56. Symposium Einkauf und Logistik DIGITAL am 10. November nach dreitägiger Dauer beendet. Unter dem Veranstaltungsmotto „#newhorizons“ diskutierten 900 Teilnehmer:innen auf einer virtuellen Plattform die Chancen und Risiken gegenwärtiger und künftiger Beschaffungsstrategien.

Die Auswirkungen der COVID-19-Pandemie auf Einkauf, Logistik und Supply Management sind gravierend. Sie werden die internationalen Lieferketten noch bis weit ins nächste Jahr belasten. Die Corona-Krise hat die Schwachstellen in den Beschaffungsprozessen der Unternehmen offengelegt. Jetzt geht es für den Einkauf darum, die richtigen Lehren daraus zu ziehen. Die Bildung von Task Forces, der konsequente Einsatz digitaler Technologien unter Verwendung von Data Analytics und KI, strenges Kostenmanagement sowie vorausschauendes Risiko- und Lieferantenmanagement sind deshalb für ihn ein Must-have. Mit diesen Instrumenten kann er Störungen in den Betriebsabläufen frühzeitig erkennen, Schaden vom eigenen Unternehmen abwenden und nachhaltige Wettbewerbsvorteile erzielen. Das sind zentrale Ergebnisse des 56. BME-Symposiums Einkauf und Logistik DIGITAL, das am Mittwoch (10. November) nach dreitägiger Dauer erfolgreich zu Ende gegangen ist.

Die größte Netzwerkveranstaltung des BME stand in diesem Jahr unter dem Motto „#newhorizons – den Blick auf das Next Normal richten!“. Auf der virtuellen Fachkonferenz diskutierten 900 Teilnehmer:innen über die gegenwärtigen und zukünftigen Beschaffungsstrategien in einer sich dramatisch verändernden globalen Geschäftswelt.

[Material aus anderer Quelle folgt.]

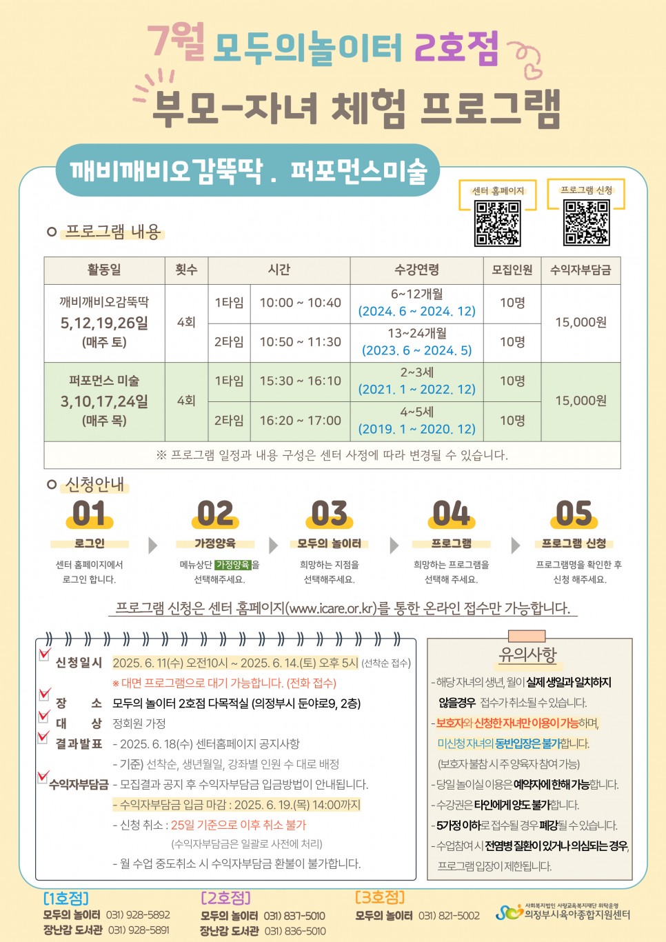 [의정부] 대면 7월 부모-자녀 체험 프로그램 신청 안내 (깨비깨비오감뚝딱, 퍼포먼스 미술) > 공지사항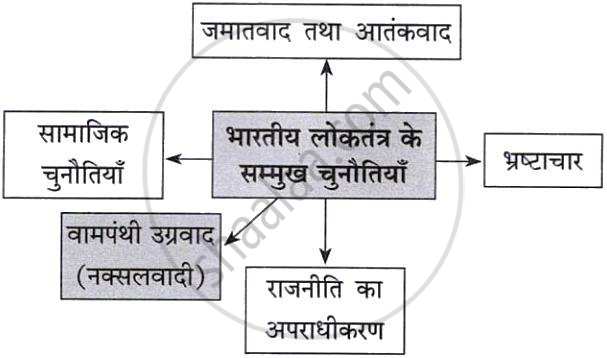 निम्न संकल्पना चित्र पूर्ण कीजिए: भारतीय लोकतंत्र के सम्मुख चुनौतियाँ वामपंथी उग्रवाद (नक्सलवादी) - History and Political Science [इतिहास और राजनीति विज्ञान]

In den täglichen Plenen, interaktiven Workshop-Formaten und themenbezogenen Chat-Foren sowie den Statements der mehr als 140 Referent:innen aus Wirtschaft, Wissenschaft und Politik spielte die Analyse der vergangenen anderthalb Corona-Jahre sowie ein erster vorsichtiger Blick in die Post-Corona-Welt eine große Rolle. Es wurde daran erinnert, dass im Verlauf der Pandemie unterschiedliche Schocks auf die Lieferketten einwirkten. So habe es zu Beginn der Corona-Krise vor allem auf der Nachfrageseite erhöhte Bedarfe – beispielsweise von Hygiene-und Desinfektionsmaterial –, gegeben, die nicht sofort abgedeckt werden konnten. In der zweiten Phase waren dann viele Lieferanten aufgrund staatlicher Lockdown-Maßnahmen entweder nicht mehr erreichbar oder in ihrem Bewegungsspielraum stark eingeschränkt. International eng vernetzt litten sie vor allem unter dem Shutdown ganzer Volkswirtschaften, in deren Folge zeitweilig Grenzen geschlossen sowie Straßen und Häfen gesperrt wurden.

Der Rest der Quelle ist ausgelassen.